Work to complete — Restate, exactly and without pictures, the lines from the start of the listing below through the line holding "Senyawa yang terkandung".

Data —
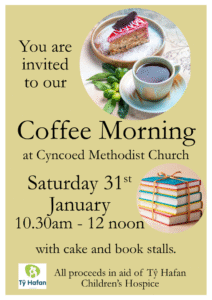 Coffee Morning Event Date: January 31, 2026 Time: 10.30 Location: Cyncoed Methodist Church Fellowship room Address: Cyncoed Methodist Church Fellowship room
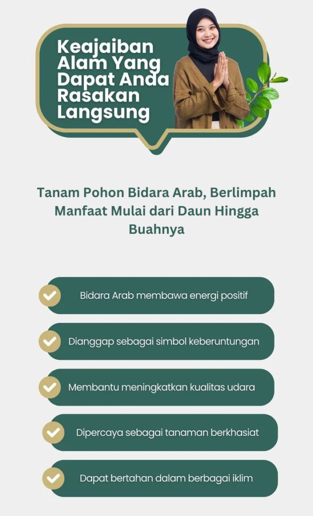 Senyawa yang terkandung dalam daun Bidara Arab sangat dipercaya bermanfaat untuk kesehatan rohani maupun jasmani anda.
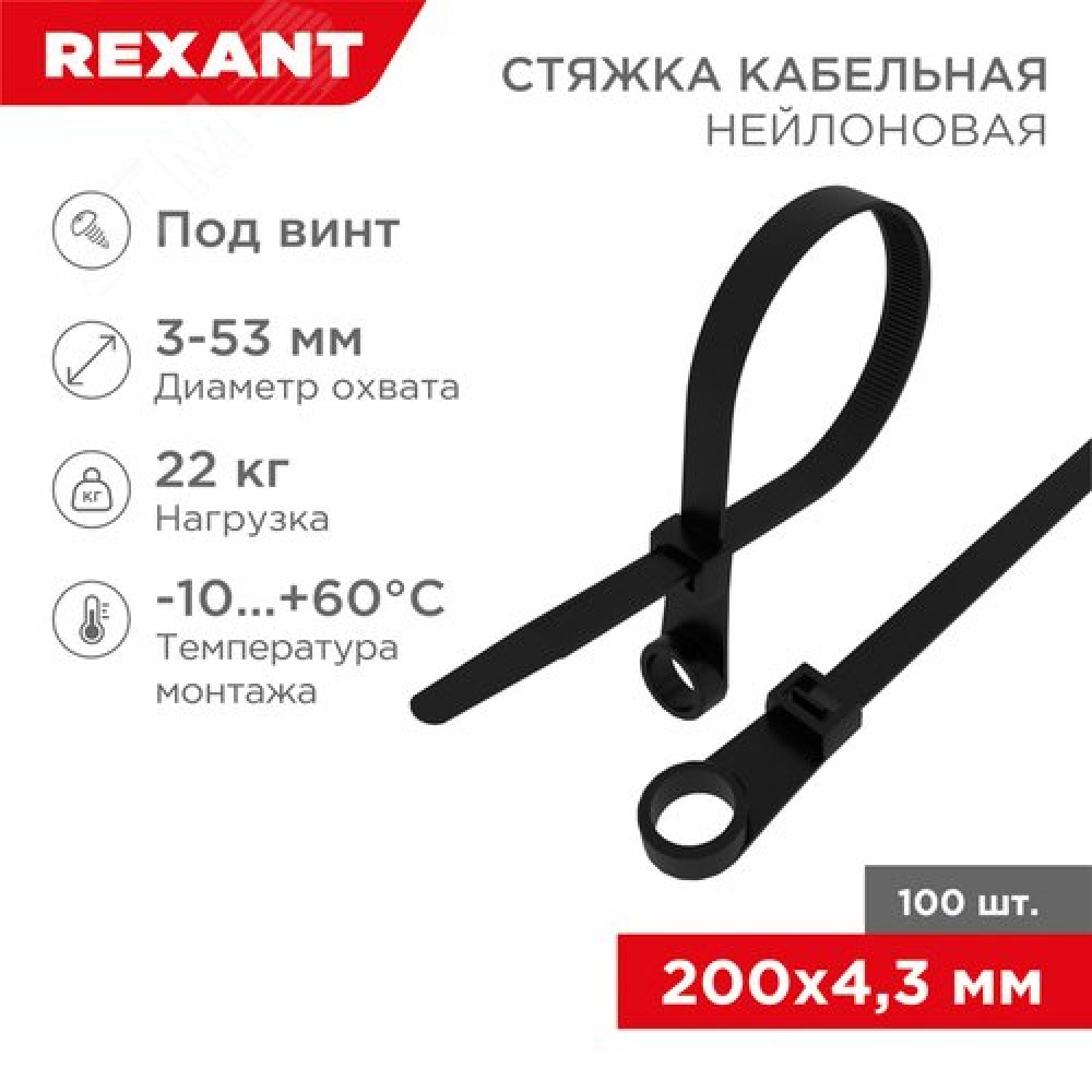 Технические характеристики Хомут-стяжкa нейлоновая под винт 220x4,3 мм, черная, 100 шт

Answer to the exercise —
 Coffee Morning Event Date: January 31, 2026 Time: 10.30 Location: Cyncoed Methodist Church Fellowship room Address: Cyncoed Methodist Church Fellowship room
 Senyawa yang terkandung dalam daun Bidara Arab sangat dipercaya bermanfaat untuk kesehatan rohani maupun jasmani anda.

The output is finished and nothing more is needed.